Dataset records:
>>>
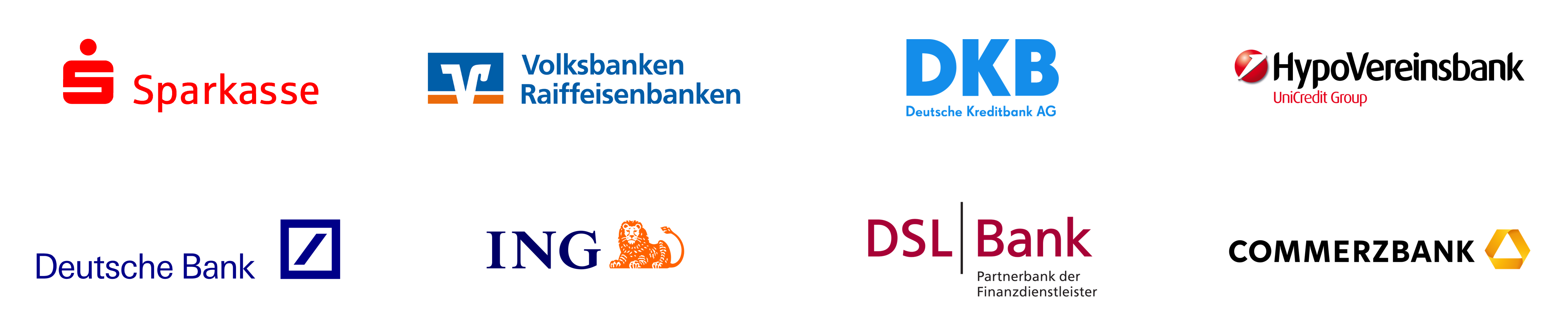 Wir arbeiten derzeit mit über 600 Banken, Sparkassen, Versicherungen und Bausparkassen zusammen, um eine maßgeschneiderte Finanzierung für Sie zu finden. Hier ein Auszug unserer Partner, auf deren Angebote wir für Sie zugreifen:
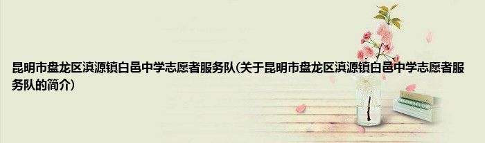 大家好,昆明市盘龙区滇源镇白邑中学志愿者服务队,关于昆明市盘龙区滇源镇白邑中学志愿者服务队的简介很多人还不知道,现在让我们一起来看看吧!
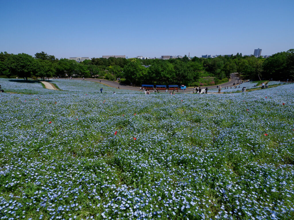 昭和記念公園は、東京都立川市に位置し、多様な自然景観を楽しめる場所です。特に春には、ネモフィラの青い花々が一面に広がり、訪れる人々を魅了します。この美しい風景は、毎年多くの観光客や地元住民を引き寄せます。
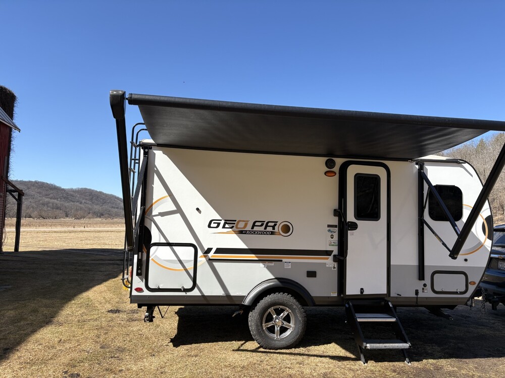 Outback pkg can operate 3 days on battery and additional with solar power, push out kitchen and outdoor kitchen. Front double bed, back bunks. Solar/battery/propane. Full bathroom plus outdoor shower. 31 gal fresh water, 30 grey, 30 black. TV equipped, Wi Fi ready. Heavy hitch, stabilizer bars and all accessories included - see picture with accessory list. Pristine condition Only used 6 times. Air conditioning and heat. Stored inside for winters, Authorized dealer winterized and dewinterized, used authorized dealer maintenance agreement keeping all seals, etc in good order annually.
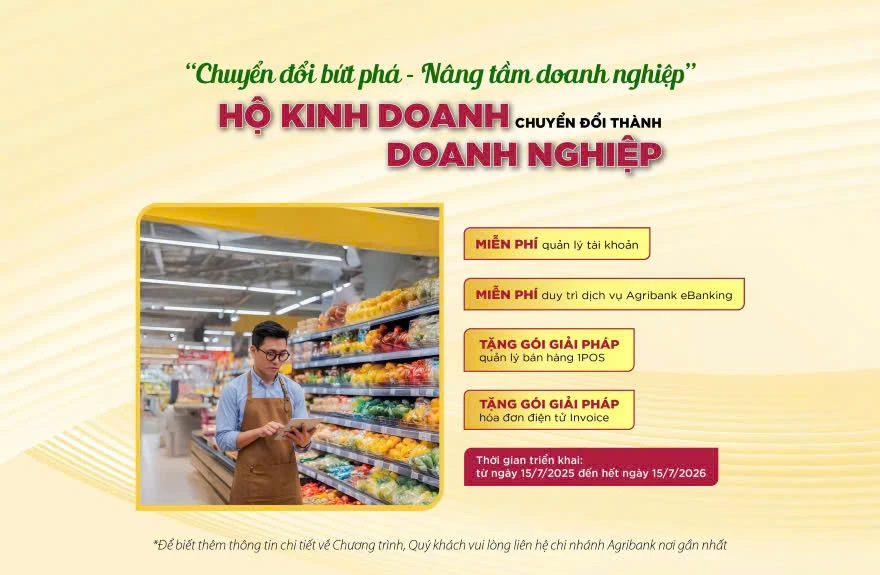 Nghị quyết số 68 ngày 4-5-2025 của Bộ Chính trị về phát triển kinh tế tư nhân một lần nữa nhấn mạnh vai trò, tầm quan trọng của lực lượng này trong nền kinh tế Việt Nam. Đồng thời, Nghị quyết 68 cũng khuyến khích các ngân hàng trở thành đối tác chiến lược của doanh nghiệp tư nhân, tạo điều kiện để doanh nghiệp tiếp cận vốn, chuyển đổi số và phát triển bền vững. Đồng hành, hỗ trợ các hộ kinh doanh cá thể chuyển đổi mô hình hoạt động và nâng cao năng lực cạnh tranh theo Nghị quyết 68, Agribank kịp thời triển khai chương trình ưu đãi “Chuyển đổi bứt phá - Nâng tầm doanh nghiệp”. Chương trình diễn ra từ ngày 15-7-2025 đến hết ngày 15-7-2026, dành cho hộ kinh doanh thực hiện chuyển đổi thành doanh nghiệp từ ngày 1-1-2025 và doanh nghiệp lần đầu mở tài khoản thanh toán tại Agribank. Trong giai đoạn chuyển đổi mô hình hoạt động, khách hàng tham gia chương trình được nhận nhiều ưu đãi thiết thực như: Miễn phí quản lý tài khoản, miễn phí dịch vụ ngân hàng điện tử (Agribank Corporate eBanking), tặng gói Giải pháp quản lý bán hàng 1POS và Giải pháp hóa đơn điện tử Invoice giúp các đơn vị nâng cao hiệu quả hoạt động và quản trị tài chính một cách hiệu quả, thuận tiện, hiện đại hơn. Bên cạnh đó, doanh nghiệp nhỏ và vừa còn nhận được các ưu đãi lãi suất vay vốn với mức giảm 0,8%/năm - 1,2%/năm so với sàn lãi suất cho vay thông thường, hình thức cấp vốn linh hoạt phù hợp với nhu cầu vốn và mô hình sản xuất kinh doanh của khách hàng.
<<<
▶ **YOUR GOAL**:
Return, exactly as they stand, all of the lines above, but not the pictures.

▶ **EXERCISE OUTPUT**:
 Wir arbeiten derzeit mit über 600 Banken, Sparkassen, Versicherungen und Bausparkassen zusammen, um eine maßgeschneiderte Finanzierung für Sie zu finden. Hier ein Auszug unserer Partner, auf deren Angebote wir für Sie zugreifen:
 大家好,昆明市盘龙区滇源镇白邑中学志愿者服务队,关于昆明市盘龙区滇源镇白邑中学志愿者服务队的简介很多人还不知道,现在让我们一起来看看吧!
 昭和記念公園は、東京都立川市に位置し、多様な自然景観を楽しめる場所です。特に春には、ネモフィラの青い花々が一面に広がり、訪れる人々を魅了します。この美しい風景は、毎年多くの観光客や地元住民を引き寄せます。
 Outback pkg can operate 3 days on battery and additional with solar power, push out kitchen and outdoor kitchen. Front double bed, back bunks. Solar/battery/propane. Full bathroom plus outdoor shower. 31 gal fresh water, 30 grey, 30 black. TV equipped, Wi Fi ready. Heavy hitch, stabilizer bars and all accessories included - see picture with accessory list. Pristine condition Only used 6 times. Air conditioning and heat. Stored inside for winters, Authorized dealer winterized and dewinterized, used authorized dealer maintenance agreement keeping all seals, etc in good order annually.
 Nghị quyết số 68 ngày 4-5-2025 của Bộ Chính trị về phát triển kinh tế tư nhân một lần nữa nhấn mạnh vai trò, tầm quan trọng của lực lượng này trong nền kinh tế Việt Nam. Đồng thời, Nghị quyết 68 cũng khuyến khích các ngân hàng trở thành đối tác chiến lược của doanh nghiệp tư nhân, tạo điều kiện để doanh nghiệp tiếp cận vốn, chuyển đổi số và phát triển bền vững. Đồng hành, hỗ trợ các hộ kinh doanh cá thể chuyển đổi mô hình hoạt động và nâng cao năng lực cạnh tranh theo Nghị quyết 68, Agribank kịp thời triển khai chương trình ưu đãi “Chuyển đổi bứt phá - Nâng tầm doanh nghiệp”. Chương trình diễn ra từ ngày 15-7-2025 đến hết ngày 15-7-2026, dành cho hộ kinh doanh thực hiện chuyển đổi thành doanh nghiệp từ ngày 1-1-2025 và doanh nghiệp lần đầu mở tài khoản thanh toán tại Agribank. Trong giai đoạn chuyển đổi mô hình hoạt động, khách hàng tham gia chương trình được nhận nhiều ưu đãi thiết thực như: Miễn phí quản lý tài khoản, miễn phí dịch vụ ngân hàng điện tử (Agribank Corporate eBanking), tặng gói Giải pháp quản lý bán hàng 1POS và Giải pháp hóa đơn điện tử Invoice giúp các đơn vị nâng cao hiệu quả hoạt động và quản trị tài chính một cách hiệu quả, thuận tiện, hiện đại hơn. Bên cạnh đó, doanh nghiệp nhỏ và vừa còn nhận được các ưu đãi lãi suất vay vốn với mức giảm 0,8%/năm - 1,2%/năm so với sàn lãi suất cho vay thông thường, hình thức cấp vốn linh hoạt phù hợp với nhu cầu vốn và mô hình sản xuất kinh doanh của khách hàng.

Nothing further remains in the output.